One aspect that could prove Milo to being a serial-killer with a vampire delusion is that during a conversation Milo has with a school-counselor, a reference is made with Milo having killed animals. Serial-killers are known for starting with animals. We never get to know if Martin started out like this too, though this could have easily been the case.

While Martin sedates his victims to eventually overpower them, Milo has a very different tactic. Milo uses his appearance as a child as bait, waiting until his victims come close enough so he can leap at them and quickly slash their jugular with a blade hidden in a makeshift pen.

Martin also has a specific target. Even though he does kill men, he’s mostly on the prowl for woman, like a typical serial-killer. Milo has no qualms in killing any victim. In The Transfiguration’s most harrowing scene, he even kills a child when she witnesses him killing his drunken father.

Martin does show a savage side when interlocutors intrude upon his fantasy. When he comes into the bedroom of one of his chosen victims, he finds a strange man there. When he finally catches up to the man, he kills him slowly him slowly by driving a piece of wood into his throat (courtesy of Tom Savini’s practical effects), all the while angrily telling him that he ”wasn’t supposed to be there.”

Martin doesn’t just want to drink their blood, he wants to abuse their bodies. In his own way he loves them and doesn’t want them to feel pain so when he’s done with them, he slashes their wrist with a razor-blade and let’s the blood spray in his face, which seems to give him orgasmic pleasure.

The difference in their murder habits is also strongly evident in the use of music. With The Transfiguration, we hear this continuously thumping sound, cold and monotone. We are watching an animal video, we are watching a predator take down a prey.

We don’t have any music during Martin’s bloody reign. The only music we hear is in his mind, when he recoils in his fantasies. Sometimes we hear the sound of a heavenly choir or in other times we hear his name being called out over and over again. It’s like he’s being called to them. It’s part of his fantasy. He’s not hurting them, he’s giving them what he wants.

But does Martin really believe that they are calling out to him or does he merely convince himself of this at that moment?
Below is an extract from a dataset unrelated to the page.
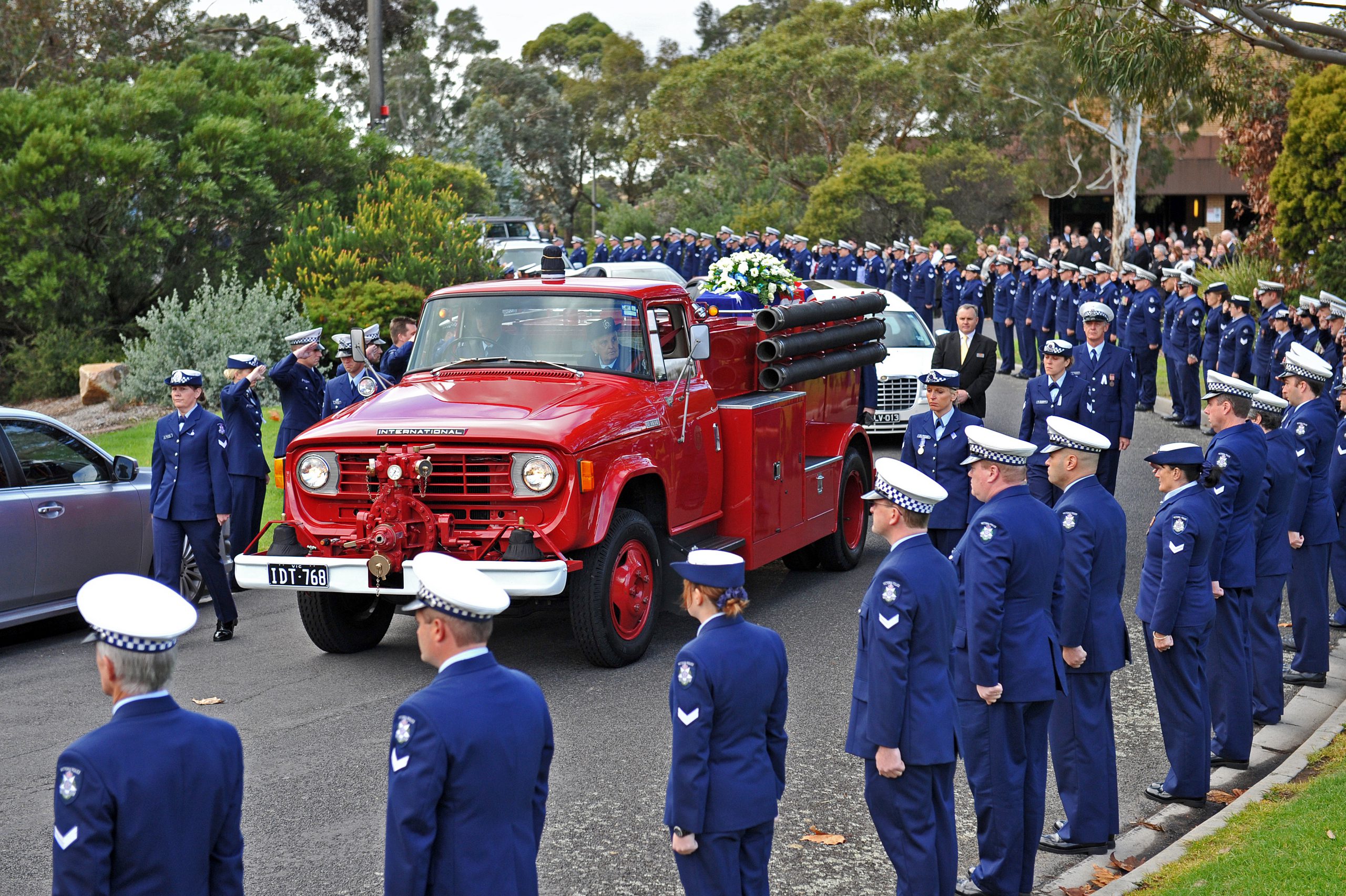 Hundreds gathered on Friday to honour their loved and respected Sgt Staple, who was farewelled at Kernot Hall, Morwell with a police and firefighter guard of honour.

This is up for debate but I do think he’s aware of this, that he knows it’s just part of his pitiful fantasy, something to make him feel less guilty before he commits his horrific act.
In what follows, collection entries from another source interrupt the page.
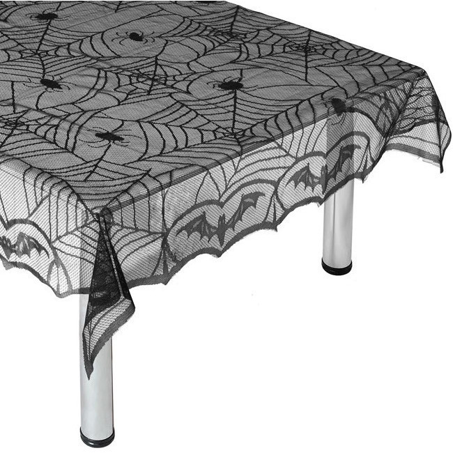 • Nappe en dentelle noire avec des motifs de toiles d'araignées, de chauves-souris et d'araignées.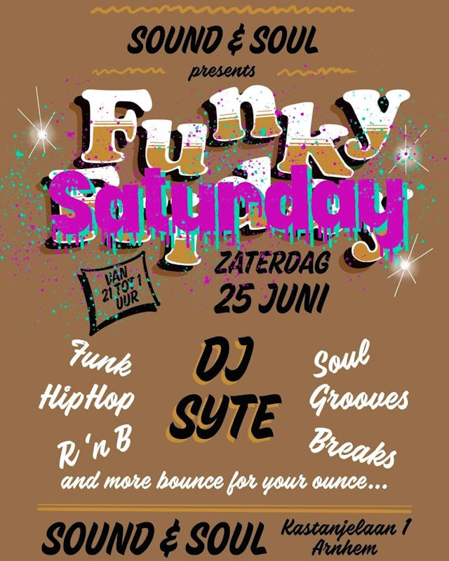 Aanstaande zaterdag is er weer een nieuwe editie van Funky Friday(maar dan op zaterdag🤪)! Vanaf 9 uur schuiven wij de tafels aan de kant en maken wij plaats voor jullie te gekke dans moves💃🏻 Dj Syte draait alleen de beste hits dus dit mag je niet missen!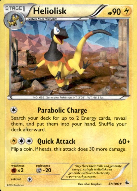 The Heliolisk 2014 XY: Flashfire #037/106 Base card in Raw TCG (Near Mint) condition has not changed in price in the last 30 days and was last sold for $1.29 .

Milo knows very well that his victims don’t wish for their demise but he doesn’t care. He’s a predator that simply does what he needs to do. There are no fantasies involved. It’s just merciless nature. Kill or be killed. The strange tenderness in Martin’s murderous reign makes him stand out to the cold, calculated killing of Milo. Though interestingly, it’s Milo who opts for redemption at the end, not Martin.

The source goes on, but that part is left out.